When the even was come, they brought unto him many that were possessed with devils: and he cast out the spirits with [his] word, and healed all that were sick: That it might be fulfilled which was spoken by Isaiah the prophet, saying, “Himself took our infirmities, and bare [our] sicknesses” (Matthew 8:16-17).
First of all, notice the immediate context. Jesus, the historical Jesus was working miracles of different varieties. Matthew was not referring to miracles that took place after the resurrection.
Secondly, look at the rest of Matthew and how Matthew uses the Hebrew Bible’s prophesies.
- When Jesus was born from a virgin, (Matthew 1:22-23) a prophecy in Isaiah was fulfilled.
- When Jesus was born in Bethlehem (Matthew 2:5-6), a prophecy from Micah was fulfilled.
- When Jesus was taken to Egypt (Matthew 2:15), a prophecy from Hosea was fulfilled.
- When Herod killed children in Bethlehem in an attempt to get rid of Jesus (Matthew 2:17-18), a prophecy from Jeremiah was fulfilled.
- When Jesus was moved to Nazareth (Matthew 2:23), an unknown prophecy was fulfilled.
- When John the Baptist started his ministry (Matthew 3:3), a prophecy from Joel was fulfilled.
- When Jesus began his earthly ministry preaching in Galilee (Matthew 4:13-14), a prophecy from Isaiah was fulfilled.
- When Jesus began healing (Matthew 8:16-17), a prophecy from Isaiah was fulfilled.

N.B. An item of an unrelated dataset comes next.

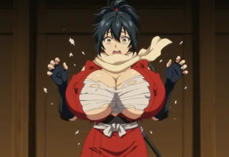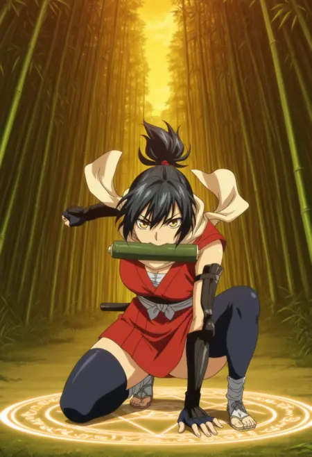 注目タグ:ミディアムヘア、黒髪、黄色い目、ポニーテール、スカーフ、忍者、和服、胸のサラシ、シンハイソックス、ガントレット、フィンガーレスグローブ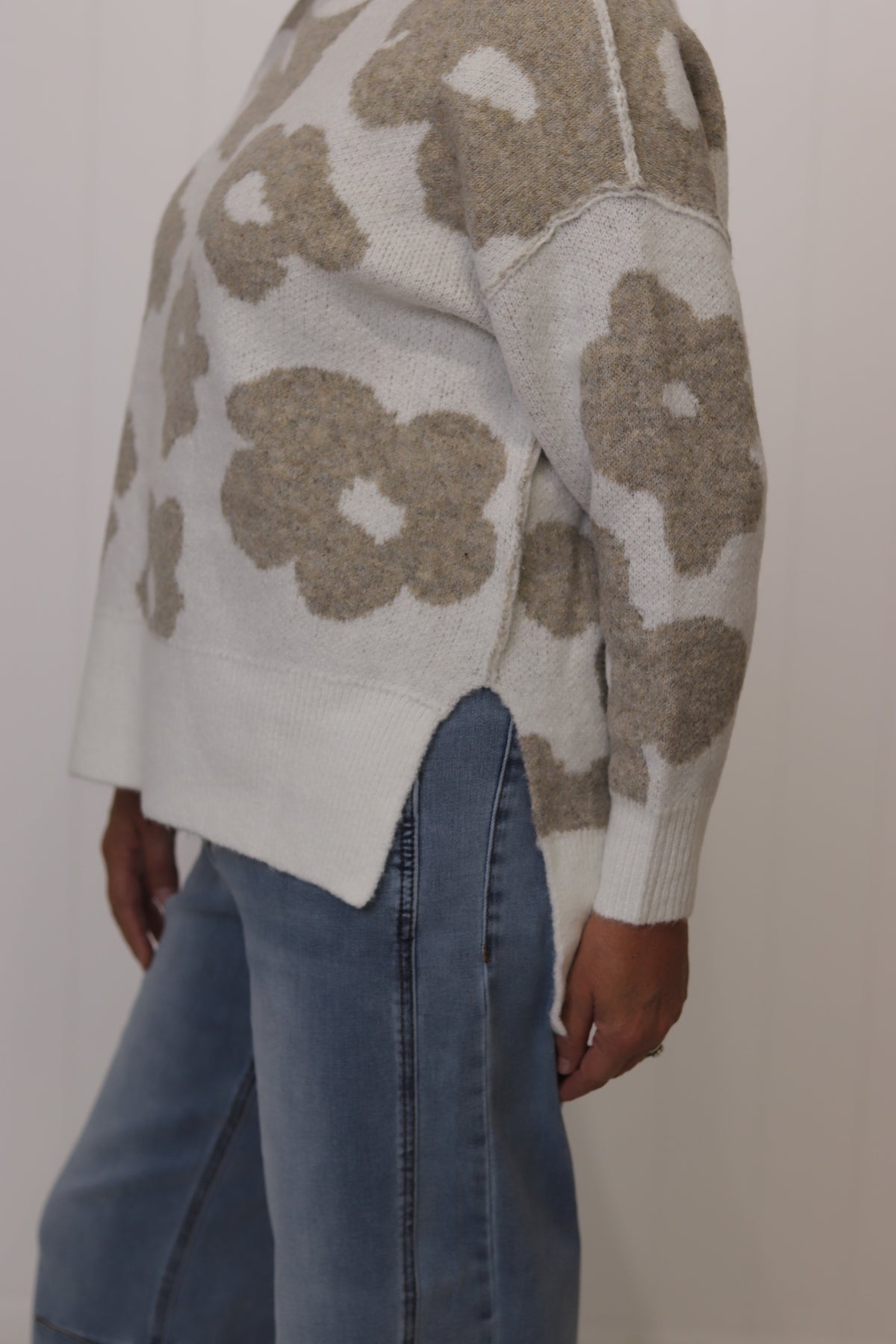 The Sweet Flower print makes this little beauty the perfect knit to pop on with your fave jeans and joggers. The high low hem line and side splits make sure she is a flattering shape that sits well.

None of Matthew’s prophecies had anything to do with the post-resurrected Christ. Matthew focused completely on the historical Jesus. He wanted his readers to know that the man Jesus (the Jesus of history) – that Jesus and his ministry fulfilled Bible prophecies. The Biblical prophecies Matthew quotes focus completely on the man Jesus and not on the resurrected Christ.
The world of faith healing has taken Matthew 8:16-17 out of context to fit faith healing doctrine. The same is true with Isaiah 53:5-6 and 1 Peter 2:24-25.